WHAT IS BEING ASKED: All of the data below must be reproduced word for word, but without its images.

Records excerpted from a collection
▽

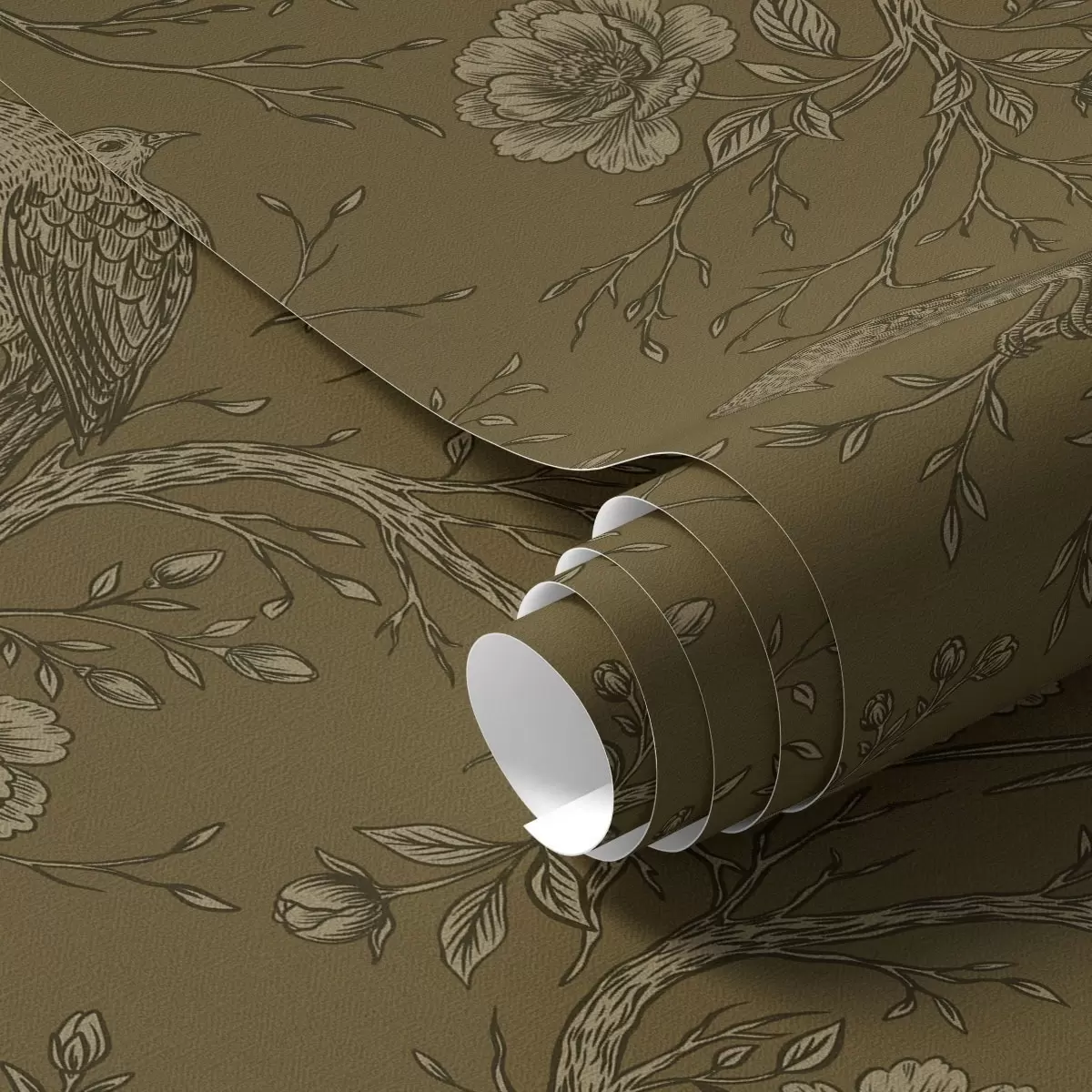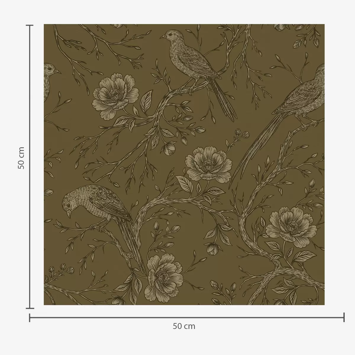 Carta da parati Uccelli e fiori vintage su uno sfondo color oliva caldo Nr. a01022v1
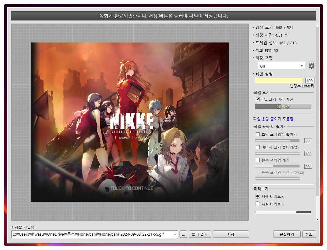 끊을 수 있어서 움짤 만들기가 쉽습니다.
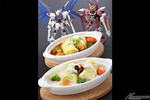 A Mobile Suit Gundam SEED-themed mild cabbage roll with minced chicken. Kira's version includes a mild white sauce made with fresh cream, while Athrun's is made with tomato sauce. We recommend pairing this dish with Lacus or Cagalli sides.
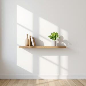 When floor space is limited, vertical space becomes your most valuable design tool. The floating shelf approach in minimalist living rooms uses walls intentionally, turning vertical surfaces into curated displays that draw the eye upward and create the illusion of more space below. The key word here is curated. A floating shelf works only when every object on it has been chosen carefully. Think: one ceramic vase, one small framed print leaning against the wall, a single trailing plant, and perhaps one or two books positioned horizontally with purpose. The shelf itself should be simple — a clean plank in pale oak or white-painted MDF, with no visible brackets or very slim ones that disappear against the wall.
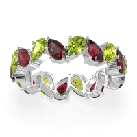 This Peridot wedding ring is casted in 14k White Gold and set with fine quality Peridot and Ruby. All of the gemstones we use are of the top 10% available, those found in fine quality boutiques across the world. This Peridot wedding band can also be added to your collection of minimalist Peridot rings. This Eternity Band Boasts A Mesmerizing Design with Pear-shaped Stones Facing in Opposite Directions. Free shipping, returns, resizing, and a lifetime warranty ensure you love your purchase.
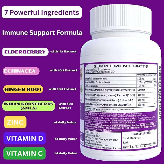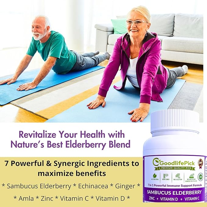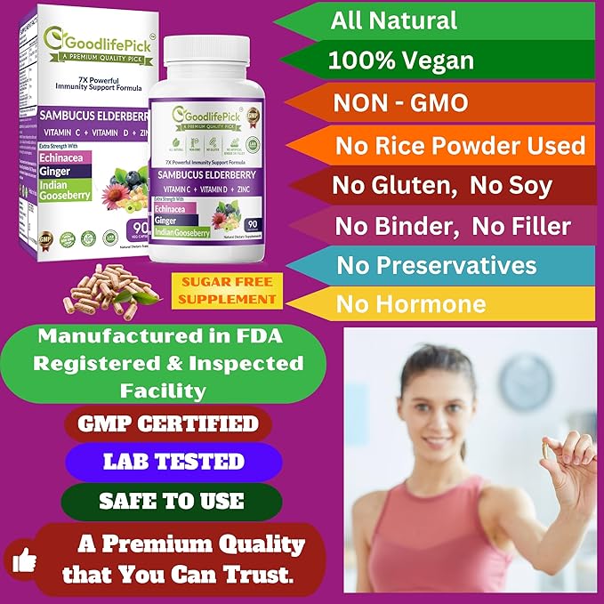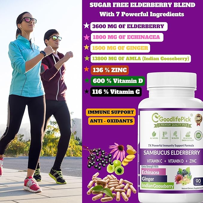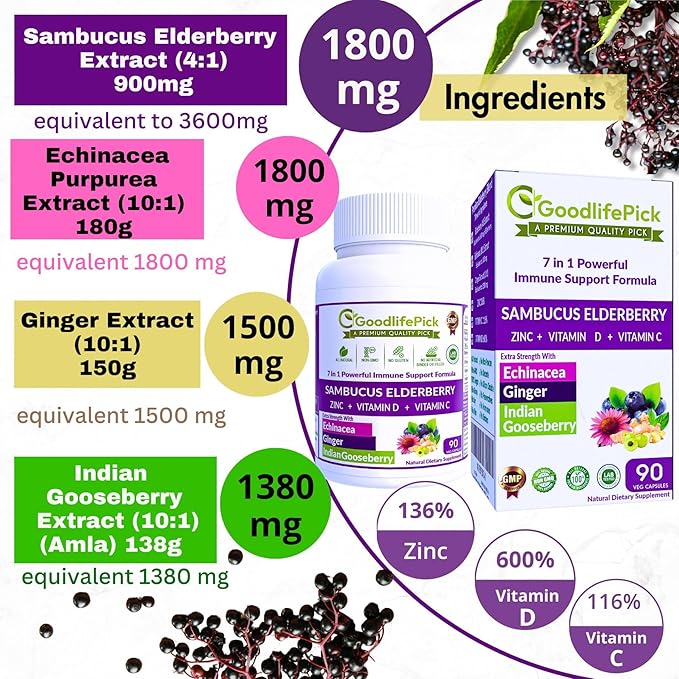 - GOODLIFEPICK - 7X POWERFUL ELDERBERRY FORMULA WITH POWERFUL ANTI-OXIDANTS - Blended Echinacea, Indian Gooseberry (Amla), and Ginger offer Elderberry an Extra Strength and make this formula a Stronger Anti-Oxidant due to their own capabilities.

△

FINAL ANSWER:
 Carta da parati Uccelli e fiori vintage su uno sfondo color oliva caldo Nr. a01022v1
 끊을 수 있어서 움짤 만들기가 쉽습니다.
 A Mobile Suit Gundam SEED-themed mild cabbage roll with minced chicken. Kira's version includes a mild white sauce made with fresh cream, while Athrun's is made with tomato sauce. We recommend pairing this dish with Lacus or Cagalli sides.
 When floor space is limited, vertical space becomes your most valuable design tool. The floating shelf approach in minimalist living rooms uses walls intentionally, turning vertical surfaces into curated displays that draw the eye upward and create the illusion of more space below. The key word here is curated. A floating shelf works only when every object on it has been chosen carefully. Think: one ceramic vase, one small framed print leaning against the wall, a single trailing plant, and perhaps one or two books positioned horizontally with purpose. The shelf itself should be simple — a clean plank in pale oak or white-painted MDF, with no visible brackets or very slim ones that disappear against the wall.
 This Peridot wedding ring is casted in 14k White Gold and set with fine quality Peridot and Ruby. All of the gemstones we use are of the top 10% available, those found in fine quality boutiques across the world. This Peridot wedding band can also be added to your collection of minimalist Peridot rings. This Eternity Band Boasts A Mesmerizing Design with Pear-shaped Stones Facing in Opposite Directions. Free shipping, returns, resizing, and a lifetime warranty ensure you love your purchase.
 - GOODLIFEPICK - 7X POWERFUL ELDERBERRY FORMULA WITH POWERFUL ANTI-OXIDANTS - Blended Echinacea, Indian Gooseberry (Amla), and Ginger offer Elderberry an Extra Strength and make this formula a Stronger Anti-Oxidant due to their own capabilities.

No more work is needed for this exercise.